LA PORTA DI CONFINE: MINIATURIZZAZIONE E VERSI “GRIFFATI” DALLA DIMENSIONE POETICA DEL TEMPIESE FRANCESCO PASELLA

Francesco Pasella

La plaquette lirica “La porta di confine” (Poesia tra mondi emersi) di Francesco Pasella è la sessantasettesima opera della “Piccola collana di memorie”, ideata da Salvatore Tola e sviluppata negli anni con il collaborativo impegno di Salvatore Ligios della Soter editrice.

La miniaturizzazione  poetica operata da Francesco Pasella, sia nel limite numerico delle composizioni che nell’essenzialità estrema dei versi pubblicati, lo porta a concentrare e griffare con il suo stile, di profonda concettualità, un ermetismo estremo e stratificato riflessivo linguaggio, sperimentato e consolidato con innumerevoli pubblicazioni, per varcare limiti tra realtà e oltre. In tempi di totalizzante globalizzazione e di poteri attenti ad innalzare muri ci arriva un messaggio di poesia che incede verso l’esaltazione dell’esperienza conoscitiva e che parla ai cuori; insomma un coltivo di ponti proiettati a stabilire contatti e dialogo tra persone e culture, capaci di sfidare tempi e fedi dai segni ancestrali.

Un mondo che “bisogna sparigliare”, per “stare su questo mare” e raggiungere se stessi e gli altri, attraverso un modello di ideale poesia creatrice, e di integrazione tra culture, con il senso-significato che assegniamo alle parole dialoganti e agli stessi limiti che tracciamo per definirle.

Francesco Pasella propone la sua personale visione e senso-valore dell’esperienza poetica da riscoprire con segni di contemporaneità, attingendo alla sua originaria sorgente di umanità ed alle molteplici interpretazioni dei flussi di pensiero che cattura con una straordinaria capacità di introspezione e sensibilità per le emozioni fugaci da trasformare in simboli di fratellanza e di esperienza poetica dalla dimensione universale.

La parola-poesia porta ad esplorare e comprendere, analizzare i tempi che consumano indistintamente il tutto, nonostante lo “scorrere e ripetersi” esistenziale, ma è anche connessione e sincretismo per far emergere legami di e tra culture: l’atzeca-messicana mediata dal senso cristinianizzante. E da questa varcata porta di confine, tra mondi emersi, possiamo “vivere/ il giorno dei morti/ mesoamericano,/ quando le anime/ tornano per far festa,/ maschere ricamate,/ altari per brindare,/ carri e sfilate,/ banchetti per vivere”.//.
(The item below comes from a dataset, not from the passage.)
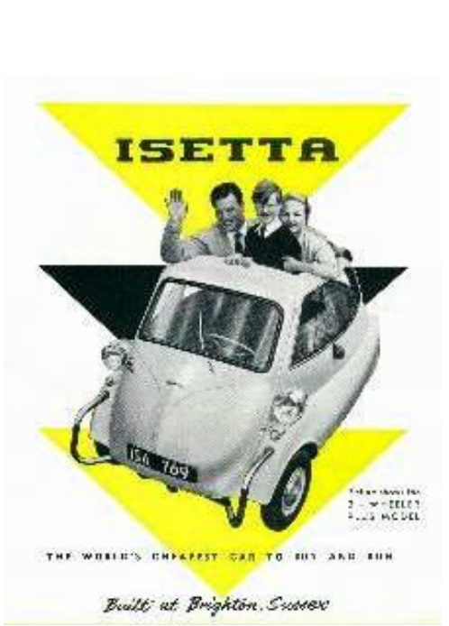
Image courtesy Trevor Boicey http://www.brit.ca/~tboicey/comics.html

Un culto di radice e identità per avvicinare due mondi ed onorare la memoria dei propri antenati, nella consapevolezza che “nei gusci mollicci siamo morti,/ si è frantumato il cuore”,/ ma lo spirito è presenza ed essenza vitale di  ricordanza della fase naturale dell’esistenza.

La breve silloge è impreziosita dall’altrettanto fugace nota introduttiva di Mario Pischedda (visionario artista di Bortigiadas, videomaker, fotografo, poeta-scrittore e giornalista), che del poeta Francesco evidenzia la “rara dote che pochi hanno, ovvero la brevità a cui aggiungere anche l’umanità e per chiudere il cerchio direi anche più di un verso felice e paradossalmente ermetico e spaziale”. Il riferimento è: “Lanciare dardi,/ ami,/ su cosmi fumanti”.//. E il nostro poeta tempiese “è un lanciatore, un discobolo direi di dardi poetici su cosmi fumanti”.

Altra preziosità sta nella riproduzione del Paesaggio agrodolce, olio su tela di Giuliano Sale (pittore nato a Cagliari nel 1977, vive e lavora a Milano), in sintonia con la porta di confine esplora artisticamente l’ambiguità contemporanea.